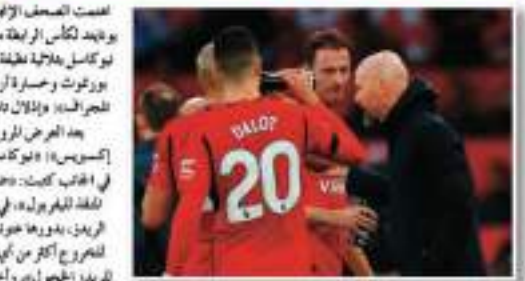
من أجل مستقبله بعد تعلم ليدز ليلقى الحارس الكاسح من طرف الصحافة الإنجليزية على مدرب الفريق ليدز، بهذا أن مستقبل ليدز في هاج أصبح مهدداً أكثر من أي وقت مضى.

اهتمت الصحف الإنجليزية الصادرة صباح الخميس، بتوضيح مانشستر يونايتد لكأس الرابطة من ثمن النهائي بعد السقوط على أرسنال في كأس أمم بورتووت وخساراً أرسنال أمام وست هام، وعبرت صحيفة «ديلي تلجراف»: «إذلال تام ليدز هاج - مدرب يونايتد - واجه أسئلة جاداً بعد العرض المروع في الكأس»، كما عرفت صحيفة «ديلي إكسبرس»: «ليوكاسل يزيد الضغط على ريمز بين هاج القرحوي»، في المقابل كتبت: «خبرة الفارق للمدعمين»، وكتبت أيضاً: «تولي ليلقة ليدز بول»، في إشارة إلى تسجيل داروين لوزي هدفه لتتصدر الفريق، بدورها عرفت صحيفة «ميرور»: «ليوكاسل يرفع بين هاج للمخرج أكثر من أي وقت مضى مع إذلال ليدز ونوليس وولوتو لريدز المحصول»، وأخيراً كتبت صحيفة «تيلي ميل»: «بين هاج يتأقلم من أجل مستقبله بعد تعلم ليدز ليلقى الحارس الكاسح من طرف الصحافة الإنجليزية على مدرب الفريق ليدز»، بهذا أن مستقبل ليدز في هاج أصبح مهدداً أكثر من أي وقت مضى.
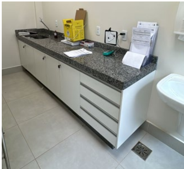
Armário sob bancada para referência
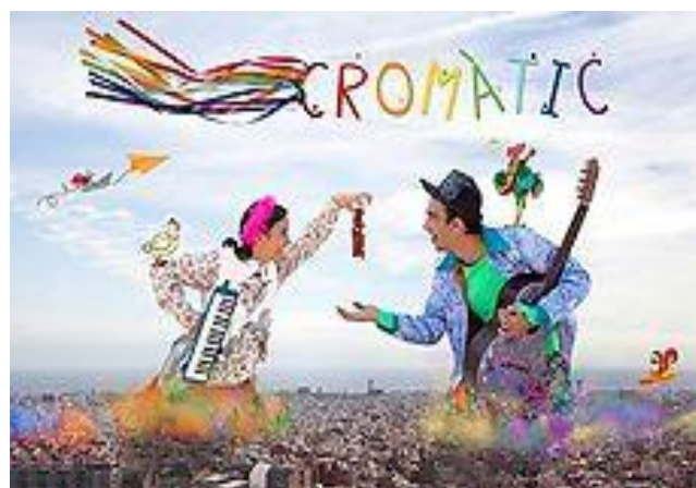
Imatge promocional de l'obra.

El dimecres 20 de març, els grups B i C, vàrem anar d'excursió a l'auditori de Sabadell on vam gaudir d'un espectacle musical, "Cromàtic". Al finalitzar l'espectacle, els músics van venir a saludar-nos i a parlar amb nosaltres una estona.
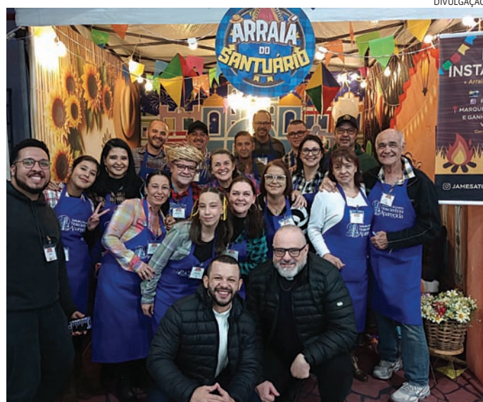
No Santuário Diocesano, as festas representam preservação da fé

Apesar de ser uma festividade voltada para a criação de laços na comunidade e a expressão da espiritualidade, também existe uma parte financeira que não pode
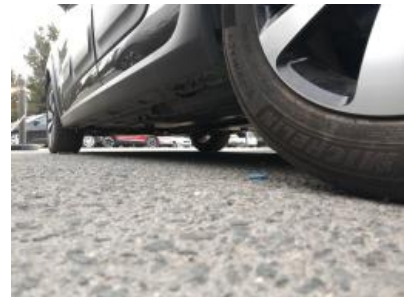
Immagine - 30
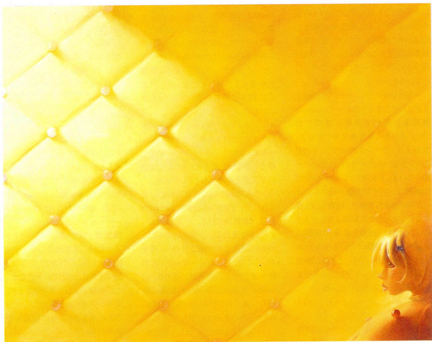
ビッグ・リトル・ローラ 1998 キャンヴァスに油彩 193×243.8cm
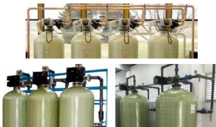
SUAVIZADORES DUPLEX, TRIPLEX Y CUADRUPLEX CON VÁLVULA WS3
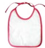
CM07-VCBABIB Babero rosado para bebé.
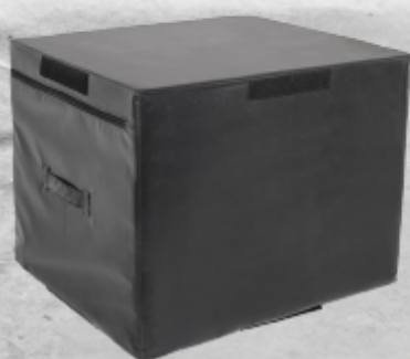
PLYOBOX DE EJERCICIO HIGHSTEP 20 "DE ALTO

Deben ser lo suficientemente firmes para realizar movimientos isométricos pero lo suficientemente suaves para no lastimar tus espinillas si fallas. Las cajas Foam Plyo NO deben usarse en ningún piso liso (madera, concreto liso, baldosas, etc).
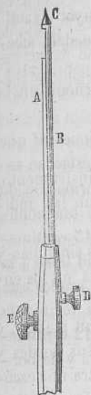
Fig. 4. a

Se compone de una varilla cilíndrica A B C dividida en dos mitades, una de las cuales B está fija al mango por el tornillo D, y la otra A se pone en movimiento sobre la primera por medio del tornillo E. Se introduce el instrumento cerrado á la manera del troacar explorador, cuya forma tiene; despues se abre, y cogiendo el fragmento de tejido entre la muesca que forma la separacion de las varillas, es dividida por los bordes cortantes de las mismas, encontrándose encerrado en una cavidad que hay en el interior de dichos extremos. Se retira entónces el instrumento, teniendo cuidado de no enganchar los tejidos al traves de los cuales ha pasado (1).
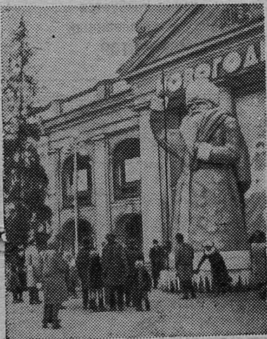
Ленинград предновогодний. На снимке: у Гостиного двора.

ВАСИЛЬЕВ, СЕМЕНОВ, УРВАНЦЕВ, ГРЕКОВ, ГОЛУБЕВА и другие жильцы дома № 6-а по улице Жуковского. Всего 19 подписей.
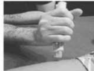
Placer l'extrémité orange du stylo sur la face extérieure de la cuisse
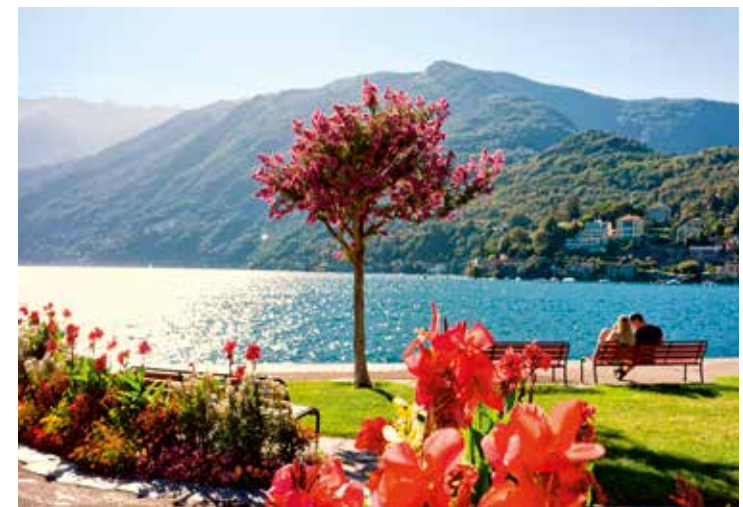
Auszeit am Lago Maggiore in der Schweiz
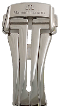
Artikel-Nr. 21022 Faltschließe Masterpiece Edelstahl, Breite: 18 mm
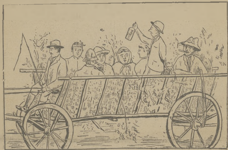
Jazda na Bielawy w weselnej kompanii
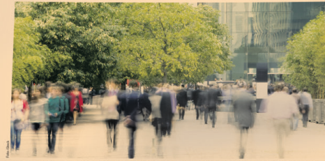
Das Thema Klimaschutz ist in der Branche bereits angekommen, sagen Experten. Oft fehlen aber noch wirtschaftlich vertretbare Lösungen.
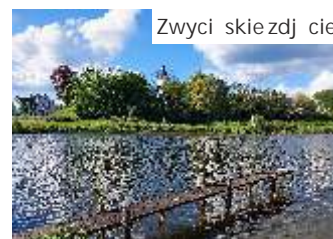
Zwyci skie zdj cie
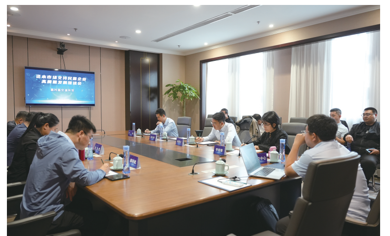
专家与上市后备企业一对一交流。
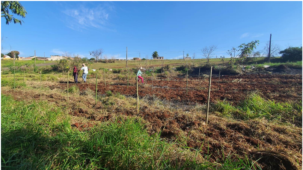
Figura 7 - Limpeza do terreno e preparo da terra.
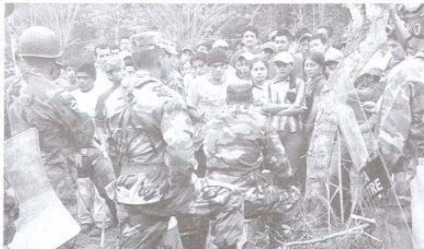
Presencia militar en el Proyecto Hidrotambo
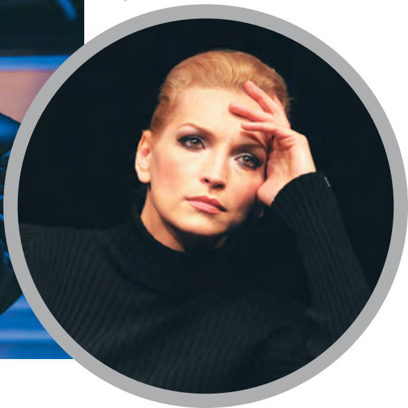
▲ Аглаоника – Н. Благих. «Орфей», 2011 г.

Наумович и делал такой уничтожающий разбор, мог так отозваться о твоей работе, что всю жизнь будешь помнить, но уж если хвалил, то это дорогого стоило. После окончания мы еще год играли спектакли в качестве стажеров в «Мастерской Фоменко» – семь спектаклей очень хорошего, не студенческого уровня.
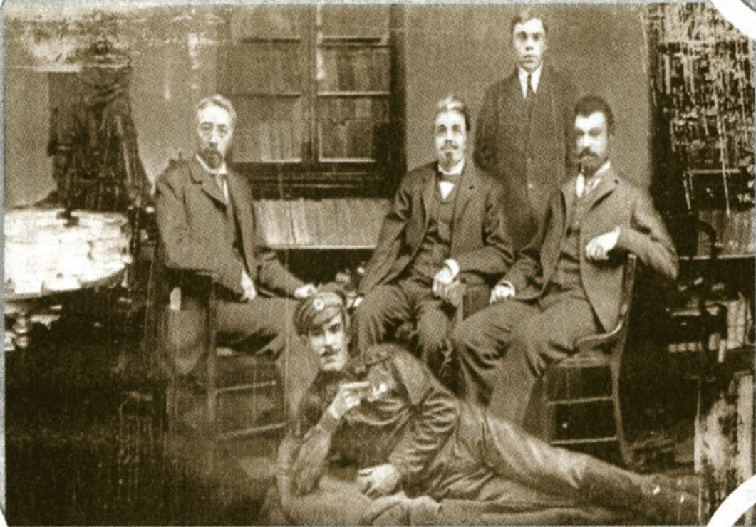
(Из семейного фотоальбома)

Сегодня я уже не представляю, как обходился прежде без всех этих понятий. Мне кажется, что они существовали всегда. Иногда в разговоре с кем-нибудь они сами соскальзывают у меня с языка, и я удивляюсь, что собеседник меня не понимает.
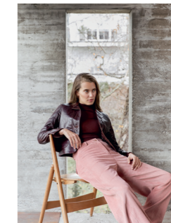
Myri 5388 6954 518
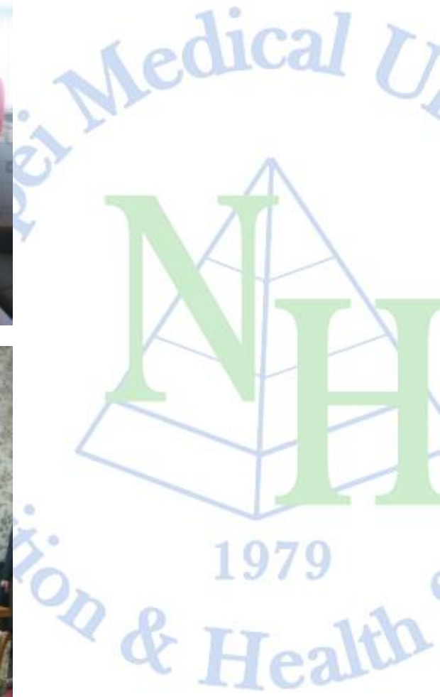
101.07參訪日本帝國大學
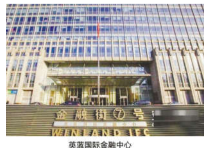
英蓝国际金融中心

英蓝集团是国内唯一专注于国际金融中心规划、投资、建设、招商、运营、管理、服务的企业。其自持运营的北京英蓝国际金融中心,被誉为北京金融街国际化的标志,已有高盛、摩根大通、瑞士银行、伦敦证交所等48家全球重要金融机构入驻,是国际金融机构中国总部的聚集区。
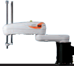
24 KR 10 scara
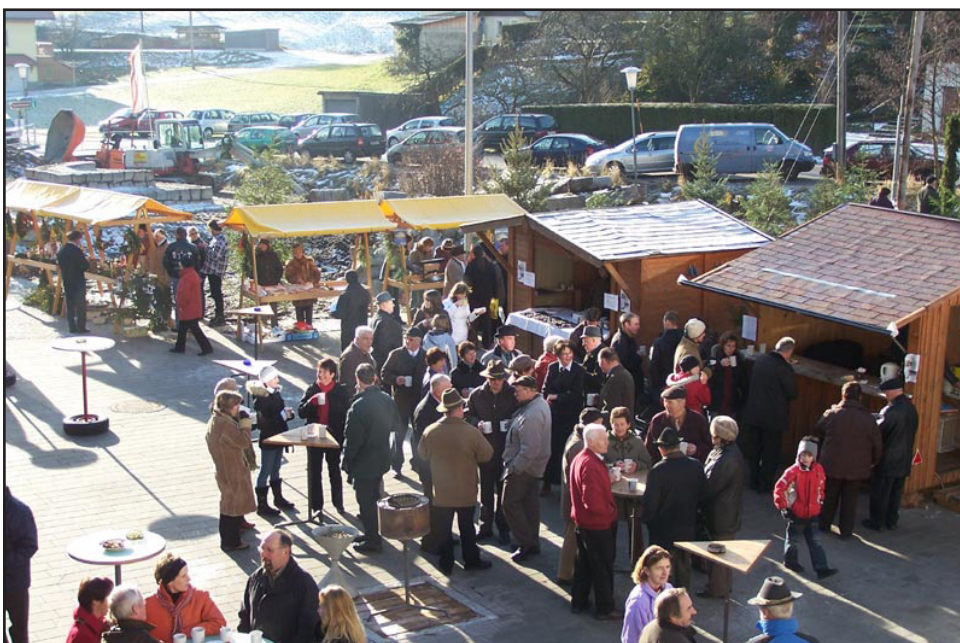
Bei prächtigem Wetter beehrten uns wieder zahlreiche Besucher beim traditionellen Weihnachtsmarkt - diesmal beim neuen Gemeindeamt!

▸ Your instructions:
Leaving out the images, repeat the listing above exactly.

▸ Task answer:
من أجل مستقبله بعد تعلم ليدز ليلقى الحارس الكاسح من طرف الصحافة الإنجليزية على مدرب الفريق ليدز، بهذا أن مستقبل ليدز في هاج أصبح مهدداً أكثر من أي وقت مضى.

اهتمت الصحف الإنجليزية الصادرة صباح الخميس، بتوضيح مانشستر يونايتد لكأس الرابطة من ثمن النهائي بعد السقوط على أرسنال في كأس أمم بورتووت وخساراً أرسنال أمام وست هام، وعبرت صحيفة «ديلي تلجراف»: «إذلال تام ليدز هاج - مدرب يونايتد - واجه أسئلة جاداً بعد العرض المروع في الكأس»، كما عرفت صحيفة «ديلي إكسبرس»: «ليوكاسل يزيد الضغط على ريمز بين هاج القرحوي»، في المقابل كتبت: «خبرة الفارق للمدعمين»، وكتبت أيضاً: «تولي ليلقة ليدز بول»، في إشارة إلى تسجيل داروين لوزي هدفه لتتصدر الفريق، بدورها عرفت صحيفة «ميرور»: «ليوكاسل يرفع بين هاج للمخرج أكثر من أي وقت مضى مع إذلال ليدز ونوليس وولوتو لريدز المحصول»، وأخيراً كتبت صحيفة «تيلي ميل»: «بين هاج يتأقلم من أجل مستقبله بعد تعلم ليدز ليلقى الحارس الكاسح من طرف الصحافة الإنجليزية على مدرب الفريق ليدز»، بهذا أن مستقبل ليدز في هاج أصبح مهدداً أكثر من أي وقت مضى.
Armário sob bancada para referência
Imatge promocional de l'obra.

El dimecres 20 de març, els grups B i C, vàrem anar d'excursió a l'auditori de Sabadell on vam gaudir d'un espectacle musical, "Cromàtic". Al finalitzar l'espectacle, els músics van venir a saludar-nos i a parlar amb nosaltres una estona.
No Santuário Diocesano, as festas representam preservação da fé

Apesar de ser uma festividade voltada para a criação de laços na comunidade e a expressão da espiritualidade, também existe uma parte financeira que não pode
Immagine - 30
ビッグ・リトル・ローラ 1998 キャンヴァスに油彩 193×243.8cm
SUAVIZADORES DUPLEX, TRIPLEX Y CUADRUPLEX CON VÁLVULA WS3
CM07-VCBABIB Babero rosado para bebé.
PLYOBOX DE EJERCICIO HIGHSTEP 20 "DE ALTO

Deben ser lo suficientemente firmes para realizar movimientos isométricos pero lo suficientemente suaves para no lastimar tus espinillas si fallas. Las cajas Foam Plyo NO deben usarse en ningún piso liso (madera, concreto liso, baldosas, etc).
Fig. 4. a

Se compone de una varilla cilíndrica A B C dividida en dos mitades, una de las cuales B está fija al mango por el tornillo D, y la otra A se pone en movimiento sobre la primera por medio del tornillo E. Se introduce el instrumento cerrado á la manera del troacar explorador, cuya forma tiene; despues se abre, y cogiendo el fragmento de tejido entre la muesca que forma la separacion de las varillas, es dividida por los bordes cortantes de las mismas, encontrándose encerrado en una cavidad que hay en el interior de dichos extremos. Se retira entónces el instrumento, teniendo cuidado de no enganchar los tejidos al traves de los cuales ha pasado (1).
Ленинград предновогодний. На снимке: у Гостиного двора.

ВАСИЛЬЕВ, СЕМЕНОВ, УРВАНЦЕВ, ГРЕКОВ, ГОЛУБЕВА и другие жильцы дома № 6-а по улице Жуковского. Всего 19 подписей.
Placer l'extrémité orange du stylo sur la face extérieure de la cuisse
Auszeit am Lago Maggiore in der Schweiz
Artikel-Nr. 21022 Faltschließe Masterpiece Edelstahl, Breite: 18 mm
Jazda na Bielawy w weselnej kompanii
Das Thema Klimaschutz ist in der Branche bereits angekommen, sagen Experten. Oft fehlen aber noch wirtschaftlich vertretbare Lösungen.
Zwyci skie zdj cie
专家与上市后备企业一对一交流。
Figura 7 - Limpeza do terreno e preparo da terra.
Presencia militar en el Proyecto Hidrotambo
▲ Аглаоника – Н. Благих. «Орфей», 2011 г.

Наумович и делал такой уничтожающий разбор, мог так отозваться о твоей работе, что всю жизнь будешь помнить, но уж если хвалил, то это дорогого стоило. После окончания мы еще год играли спектакли в качестве стажеров в «Мастерской Фоменко» – семь спектаклей очень хорошего, не студенческого уровня.
(Из семейного фотоальбома)

Сегодня я уже не представляю, как обходился прежде без всех этих понятий. Мне кажется, что они существовали всегда. Иногда в разговоре с кем-нибудь они сами соскальзывают у меня с языка, и я удивляюсь, что собеседник меня не понимает.
Myri 5388 6954 518
101.07參訪日本帝國大學
英蓝国际金融中心

英蓝集团是国内唯一专注于国际金融中心规划、投资、建设、招商、运营、管理、服务的企业。其自持运营的北京英蓝国际金融中心,被誉为北京金融街国际化的标志,已有高盛、摩根大通、瑞士银行、伦敦证交所等48家全球重要金融机构入驻,是国际金融机构中国总部的聚集区。
24 KR 10 scara
Bei prächtigem Wetter beehrten uns wieder zahlreiche Besucher beim traditionellen Weihnachtsmarkt - diesmal beim neuen Gemeindeamt!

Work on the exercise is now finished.